Кто бы теперь только дерзнул напомнить этой пышной розе: ‘ты вдовица!’, чья бы рука налегнула срезать таким напоминанием этот роскошнейший цветок, так сильно протестовавший за свое право цвести, зрение радовать и разливаться ароматом? Нет, самый пламеннейший идеалист не посоветовал бы ей проводить жизнь в воздыханиях о переселившихся в вечность, ее не осудил бы на сожжение с мужем самый фанатический индеец, и если суровый аскет не сказал бы ей: ‘Жено! вперед отпущаются ти вси грехи’, то поэт, глядя в ее детское личико, должен был воскликнуть:
Мертвый в гробе мирно спи,
Жизнью пользуйся живущий!
Даже суровый старик Деев не щунял ее за скудость источников ее слез, и он, возвращаясь с сыновних похорон, прощал невестке земную красоту ее и, поглядев на нее, проговорил только:
— Тебе неловко сидеть, Платонида! Сядь, лебедь, сюда ближе! — С этим старик своею рукою подвинул невестку от кучеровой спины к своим коленям и еще раз добавил: — сядь так.
— Нет, тятенька, ничего мне, мне даже очень прекрасно, — отвечала Платонида Андревна.
— А ты еще попридвинься: так еще будет лучше.
Платонида Андревна в угоду свекру слегка подвинулась. Маркел Семеныч долго смотрел ей на нос, на лоб, на ресницы и, наконец, проговорил:
— Ты, молодица, по муже хошь и плачь в свою меру, потому что он тебе был муж, ну, очень-то уж ты не убивайся, ты забыта и обижена в моем доме не будешь,
Платонида Андреева легонько поклонилась свекру.
Эта покорная благодарность так понравилась Маркелу Семенычу, что он, слезая у ворот с дрожек, крепко сжал за локоть невесткину руку и еще раз сказал ей:
— Не бойся, моя лебедь, никого не бойся.
За заупокойным столом Маркел Семеныч несколько раз публично заговаривал, что хоша сын его и умер бездетным, но что он, почитаючи его вдову, а свою невестку, желает ей сделать определение и намерен дать ей равную с Авениром часть.

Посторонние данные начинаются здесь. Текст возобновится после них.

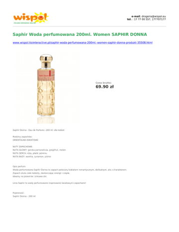 e-mail: [email protected] tel. : 17 77 00 557, 177707177 Saphir Woda perfumowana 200ml. Women SAPHIR DONNA www.wispol.tiointeractive.pl/saphir-woda-perfumowana-200ml.-women-saphir-donna-produkt-35508.html Cena brutto: 69.90 zł Saphir Donna - Eau de Parfums -200 ml -dla kobiet Rodziny zapachów: ORIENTALNO-KWIATOWE NUTY ZAPACHOWE: NUTA GŁOWY: gorzka pomarańcza, grejpfrut, melon NUTA SERCA: róża, płatki jaśminu NUTA BAZY: wanilia, cynamon, piżmo Opis perfum: Woda perfumowana Saphir Donna to zapach polecany kobietom romantycznym, delikatnym, ale z charakterem. Zapach otula ciało kobiety, dostarczając energii i ciepła. Idealny na jesiennie i zimowe dni. Linia Saphir to wody perfumowane inspirowane światowymi zapachami! Pojemność: Saphir Donna - 200 ml O marce SAPHIR PARFUMS: Jesteśmy wiodącą hiszpańską firmą, liderem w segmencie rynku, który rozwija i produkuje perfumy i który ma ponad 50 letnie doświadczenie w sektorze perfumeryjnym. W Saphir prowadzimy całościowy proces produkcyjny, począwszy od rozwoju zapachów, mieszania i maceracji, do napełniania i dystrybucji Naszych perfum. Łącząc najnowocześniejsze technologie z doświadczeniem i umiejętnościami Naszych pracowników, poszukujemy pełnej satysfakcji Naszych klientów, w otoczeniu produkcyjnym bezpiecznym, niezawodnym i szanującym środowisko. Stosujemy najbardziej zaawansowane systemy do produkcji perfum, chcąc spełnić najwyższe oczekiwania Naszych klientów. *Ceny obowiązują wyłącznie przy składaniu zamówień przez sklep internetowy. Ceny w sklepach mogą nieznacznie różnić się od cen prezentowanych na stronach sklepu internetowego. Przedstawiona oferta w sklepie internetowym nie stanowi oferty w rozumieniu Kodeksu Cywilnego, i jest jedynie zaproszeniem do rozpoczęcia rokowań (zgodnie z art. 71 k.c.). Zastrzegamy sobie prawo do niezrealizowania zamówień z ważnych przyczyn ekonomicznych.

— А может быть даже, — добавлял он, искоса взглядывая на Авенира, — может быть, что в таком буду мнении, что и все ей одной отпишу, как она того заслуживает, потому что ничем я не могу ее укорить и всем я ею доволен, а добро есть мое собственное — кому его захочу отдать, тому и отдам.
Платонида Андревна краснела до самых ушей, не знала, что ей говорить и что думать, и в смущении растерянно кланялась за столом в пояс свекру.
Во все время обеда Маркел Семеныч все себя подправлял, все попивал по чашечке и, наконец, захмелел. Проводив, как мог, гостей, он повалился на диван и только бессмысленно произнес:
— Невестка!
Платонида Андревна с Авениром взяли старика под руки и отвели его в спальню.
— Невестка! — произнес он снова, еще более заплетая языком, когда его положили в постель.
— Что изволите? — спросила его Платонида Андревна, но Маркел Семеныч уж спал и ничего ей не ответил.
Авенир с Платонидой оставили старика высыпаться и разошлись.

ГЛАВА ПЯТНАДЦАТАЯ

Авенир, побродив по огороду, пошел со двора, а молодая вдова села, пригорюнясь, у окошечка. Сурового, неприветливого мужа ей не жаль было, потому что ничего она от него во всю свою жизнь не видела, кроме угроз да попреков, и никогда ничего лучшего не ожидала от него и в будущем. Но что же и теперь у нее впереди? Что ждет ее, одинокую, вдовую, бесприданную, в ее нынешних молодых годах? А жизнь так хороша, а жить так хочется, так манится, так что-то кружится-кружится перед глазами…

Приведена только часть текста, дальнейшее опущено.